WORK TO BE COMPLETED:
Nothing should appear in the answer except the lines below from the line containing "Черная матовая: Броненакладкая, сувальдные" through the line containing "Aquash brush. Pen", copied exactly, with pictures left out.

EXCERPTED RECORDS:
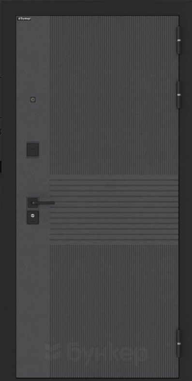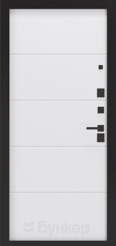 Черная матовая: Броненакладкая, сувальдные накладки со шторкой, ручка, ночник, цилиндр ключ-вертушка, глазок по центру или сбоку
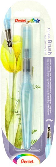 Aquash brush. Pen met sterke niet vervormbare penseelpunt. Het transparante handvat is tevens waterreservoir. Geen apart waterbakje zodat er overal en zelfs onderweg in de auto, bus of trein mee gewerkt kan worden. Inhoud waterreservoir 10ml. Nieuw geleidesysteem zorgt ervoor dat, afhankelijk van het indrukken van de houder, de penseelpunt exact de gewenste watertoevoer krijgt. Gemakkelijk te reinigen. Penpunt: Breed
* * *
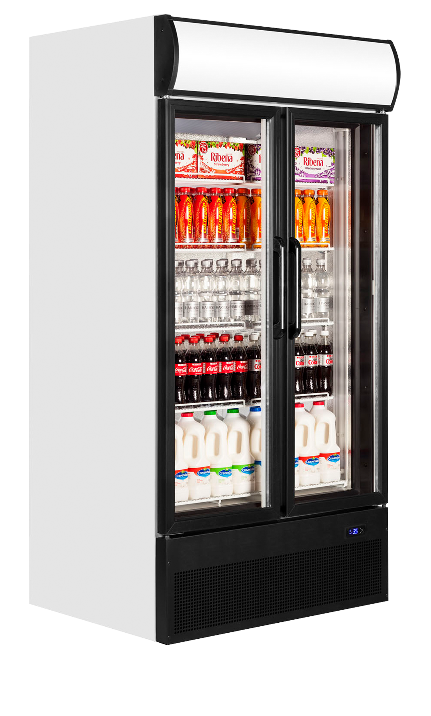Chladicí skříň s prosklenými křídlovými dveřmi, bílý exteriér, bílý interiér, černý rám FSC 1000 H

RESULT:
 Черная матовая: Броненакладкая, сувальдные накладки со шторкой, ручка, ночник, цилиндр ключ-вертушка, глазок по центру или сбоку
 Aquash brush. Pen met sterke niet vervormbare penseelpunt. Het transparante handvat is tevens waterreservoir. Geen apart waterbakje zodat er overal en zelfs onderweg in de auto, bus of trein mee gewerkt kan worden. Inhoud waterreservoir 10ml. Nieuw geleidesysteem zorgt ervoor dat, afhankelijk van het indrukken van de houder, de penseelpunt exact de gewenste watertoevoer krijgt. Gemakkelijk te reinigen. Penpunt: Breed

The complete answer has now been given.